Blake McGill ’22 said that she initially “advocated fervently” for the panelists’ right to speak but found Cawthorn’s statements to be “deflating.”
“It made me feel even more disenfranchised, from a party that I always thought I would be part of,” McGill said. “It is pretty frustrating to me, because I saw glimmers of hope in working across the political aisle, but it is pretty obvious to me that the future of the Republican Party is an anti-intellectual one.”
Outside of the event, a group of student protesters at least 50 strong wrote chalk slogans on the ground, held signs and shouted slogans, including “Fascists, go home,” and “Whose campus? Our campus.” During the event, multiple students walked out or shouted at the panelists.
Dartmouth’s chapter of the Young Democratic Socialists of America, alongside the Afro-American Society and CoFIRED student groups and the “Black Praxis” and “Dartmouth Radical” student publications, helped to organize the protest, according to co-chair Ian Scott ’24.
He said that the protest had “good turnout,” and that its goal was to promote an alternative to the conservative ideology of the panelists. Scott added that the group decided not to attend the event itself. Instead, according to YDSA secretary Kaya Colakoglu ’24, the outdoor protest involved student speakers who aimed to reorient the conversation from “aloof” national politics to local issues.

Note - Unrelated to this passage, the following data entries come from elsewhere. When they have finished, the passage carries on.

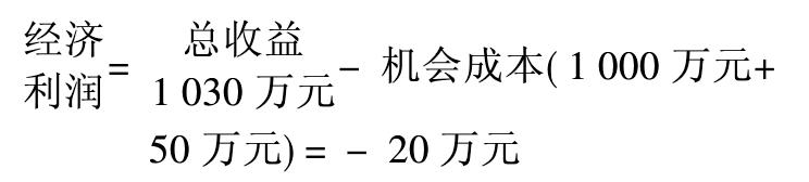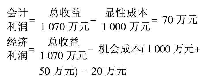 假如该企业将这1000万元显性成本存入银行,年利率为5%,那么一年内可获得利息收益50万元。由于该企业选择的是进行生产,而没有选择把钱存入银行,就放弃了这50万元的利息收益。这50万元便是其隐性成本。这时,其机会成本为1050万元,即1000万元显性成本加上50万元隐性成本,而其经济利润为-20万元。用公式表达为:
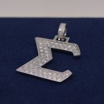 Bold (Sigma) pendant crafted in 925 silver and fully iced with VVS moissanite stones. Brilliant shine, clean edges, and premium micro-pavé setting.
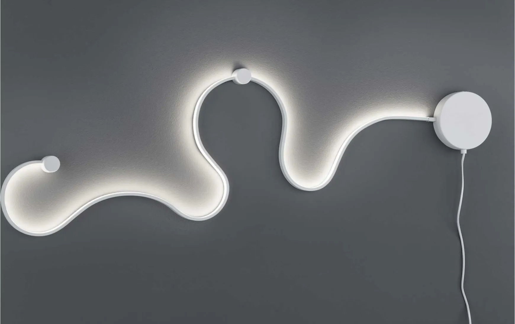 Diese anmutige Wandleuchte ist aus gebogenem Stahl gefertigt und mit Acryl kombiniert. Die Leuchte hat eine feste Form und die integrierten LEDs geben ein schönes, gleichmäßiges warmweißes Licht ab. Die Leuchte ist mit einer Stufendimmfunktion ausgestattet. Mit dem Schalter am Kabel kann die Leuchte in drei verschiedenen Helligkeitsstufen brennen. Diese Wandleuchte spendet nicht nur Licht, sondern dient auch als auffällige moderne Wanddekoration, leuchtende Wanddekoration, kurz gesagt, als Blickfang.
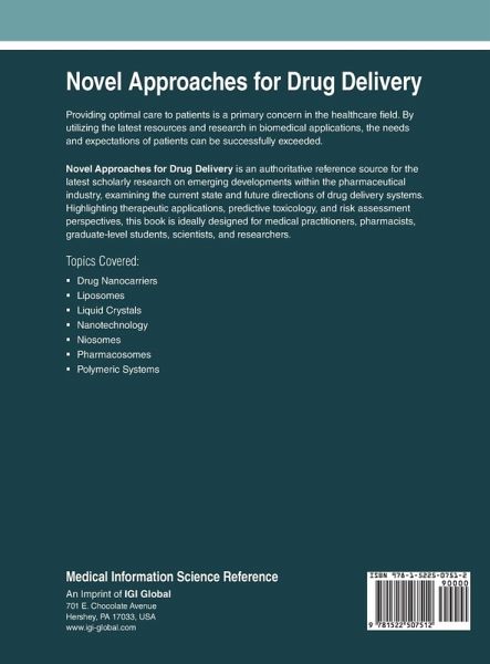 Providing optimal care to patients is a primary concern in the healthcare field. By utilizing the latest resources and research in biomedical applications, the needs and expectations of patients can be successfully exceeded. Novel Approaches for Drug Delivery is an authoritative reference source for the latest scholarly research on emerging developments within the pharmaceutical industry, examining the current state and future directions of drug delivery systems. Highlighting therapeutic applications, predictive toxicology, and risk assessment perspectives, this book is ideally designed for medical practitioners, pharmacists, graduate-level students, scientists, and researchers.

“We feel that these speakers, particularly Madison Cawthorn, bring hateful ideas to our campus that should not be spread,” Scott said.
Antony Smith, a volunteer on Leavitt’s campaign, said that a roundtable campaign event last week at the University of New Hampshire did not see protests.
In an interview after the event with The Dartmouth, Leavitt said that she appreciates that those who disagree with Cawthorn’s and her beliefs attended the event.
“I think it’s great — we need to exercise our First Amendment rights,” she said. “I think civil discourse is great for our country — that’s what America is built on.”
Leavitt, who, if elected, would be the youngest woman ever elected to Congress, added that Dartmouth students should know they are “never too young to run for office.”
Blake McGill is a former member of The Dartmouth staff.